It is recommended to rotate your tires every 6,000 to 8,000 miles, or sooner if uneven tread wear begins to appear. The purpose for regular rotation is to achieve more uniform tread wear on all tires on your vehicle. This is true for both front wheel and rear wheel drive vehicles. Full size spare tires should be included in the rotation pattern for your vehicle. Compact spares (temporary use spares) should not be included in the rotation pattern. Refer to your Vehicle Owners Manual for recommended rotation pattern and interval for your vehicle. If tires show uneven tread wear, ask your serviceperson to check and correct any alignment or other mechanical problem before rotation.
• Speed Rating
The speed ratings for a tire is indicated on the sidewall of the tire by a letter or letter and number. Each speed rating indicates the maximum speed at which the tire is designed to be safely driven. Speed ratings are based on laboratory tests which relate to performance in the road, but are not applicable if tires are under inflated, overloaded, worn out, damaged or altered. Example: Tire Size P215/60R15 H - the H indicates a maximum permitted speed of 130 MPH.
• Temporary Spare Tires
Temporary spares are designed to carry the same load as the standard size tire on your vehicle and can be applied to any position. Maintain the proper inflation pressure as shown on the sidewall of the tire, which generally requires a higher inflation pressure than a standard size tire. Refer to the information on the sidewall of the tire for proper usage & speed restrictions. With such a tire, a vehicle may be operated until it is convenient to repair or replace the disabled tire. Have your standard tire repaired or replaced as soon as possible, then return the temporary spare to the trunk to conserve its useable tread life. The temporary tire can be worn down to the tread wear indicators, just like your standard tire
• Tire Size Designation
The dimensions of a tire are detailed on the sidewall. In the case of a P185/65R 14 tire, the figures mean the following: 185 = width of tire in mm; 65 = the ratio of the height to the width as a percentage; R = radial construction; 14 = diameter of the rim in inches.
• Tire Storage
Tires should be stored in a dry, cool place, away from sunlight and sources of ozone, such as electric motors. If you must store tires flat, (one on top of the other), make sure you don't stack too many on top of each other. Too much weight can damage the bottom tire. Also be sure to allow air to circulate around all sides of the tires, including underneath, to prevent moisture damage. If storing tires outdoors, protect them with an opaque waterproof covering and elevate them from the ground. Do not store tires on or over black asphalt or other heat-absorbent or reflective surfaces, such as snow-covered ground or sand. Solvents, fuels, lubricants and chemicals should be kept out of contact with tires. Spare tire carriers on your vehicle are not intended to be used for long term tire storage. If your vehicle has a full size tire (same size and type tire recommended for use by the vehicle manufacture not temporary use spares) as a spare, it should be included in the tire rotation pattern.
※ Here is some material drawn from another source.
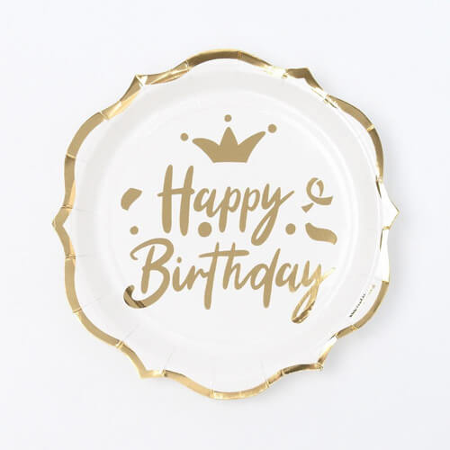 8 צלחות בצבע לבן זהב עם כיתוב Happy Birthday מושלמות לכל מסיבה.

The tread is that part of the tire with the groove pattern which is in contact with the road. The tread is specifically design to provide traction for stopping, starting, cornering and provide long lasting wear.
• Tread Depth
The measured distance from the tread surface to the bottom of the main grooves away from the Tread Wear Indicators. Usually specified in 1/32 of an inch.
• Tread Wear Indicator
Tread wear indicators ("wear bars") are located at the base of the main grooves and are equally spaced around the tire. Always remove tires from service when they reach a remaining tread depth of two thirty-seconds of an inch (2/32"). If not corrected, wet weather accidents are more likely to happen due to skidding on bald or nearly bald tires. Also, excessively worn tires are more susceptible to damage from road hazards. Built-in tread wear indicators, or "wear bars," which look like narrow strips of smooth rubber across the tread, will appear on the tire when that point of wear is reached. When you see these wear bars, the tire is worn out and it's time to replace the tire.
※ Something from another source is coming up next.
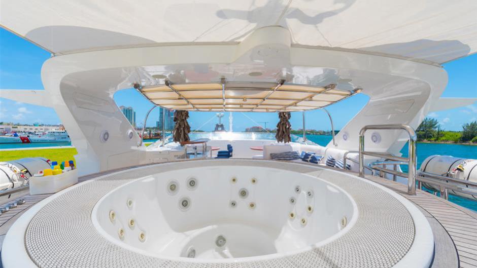 The sky lounge is inviting with an onyx-top and leather finished bar, comfortable Frau Sofas, a games table with a carved wooden chess board and a retractable plasma TV. The room creates an informal yet distinguished atmosphere. Leading from the sky lounge aft is the upper deck which is a great area to dine al fresco.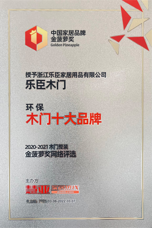 家居NEWS/乐臣获中国家居品牌金菠萝奖“环保木门十大品牌”的殊荣

• UTQG (Uniform Tire Quality Grading)
Treadwear The treadwear grade is a comparative rating based on the wear rate of the tire when tested under controlled conditions on a specified government test track. A tire graded 200 would wear twice as long on the government test course under specified test conditions as one graded 100. It is wrong to link tread wear grades with your projected tire mileage. The relative performance of tires depends upon the actual conditions of their use and may vary due to driving habits, service practices, differences in road characteristics and climate.
Traction: Traction grades, from highest to lowest, are AA, A, B and C. They represent the tire's ability to stop on wet pavement as measured under controlled conditions on specified government test surfaces of asphalt and concrete.
Temperature: The temperature grades, from highest to lowest, are A, B and C. These represent the tire's resistance to the generation of heat when tested under controlled conditions on a specified indoor laboratory test wheel.
The valve, fitted in the wheel, ensures that the tire can be filled with air. The correct valve is required for the correct wheel/tire assembly, which is the job of the tire dealer. A slow loss of air pressure may be a sign of a defective valve. The valve cap should always be fitted to the valve in order to protect the valve core from dirt and moisture.
• Valve Cap
The valve cap, although small, has a very important job: it protects the sensitive valve internals from dust, dirt and humidity. If valve caps are lost they should be replaced immediately in order to avoid expensive damage later.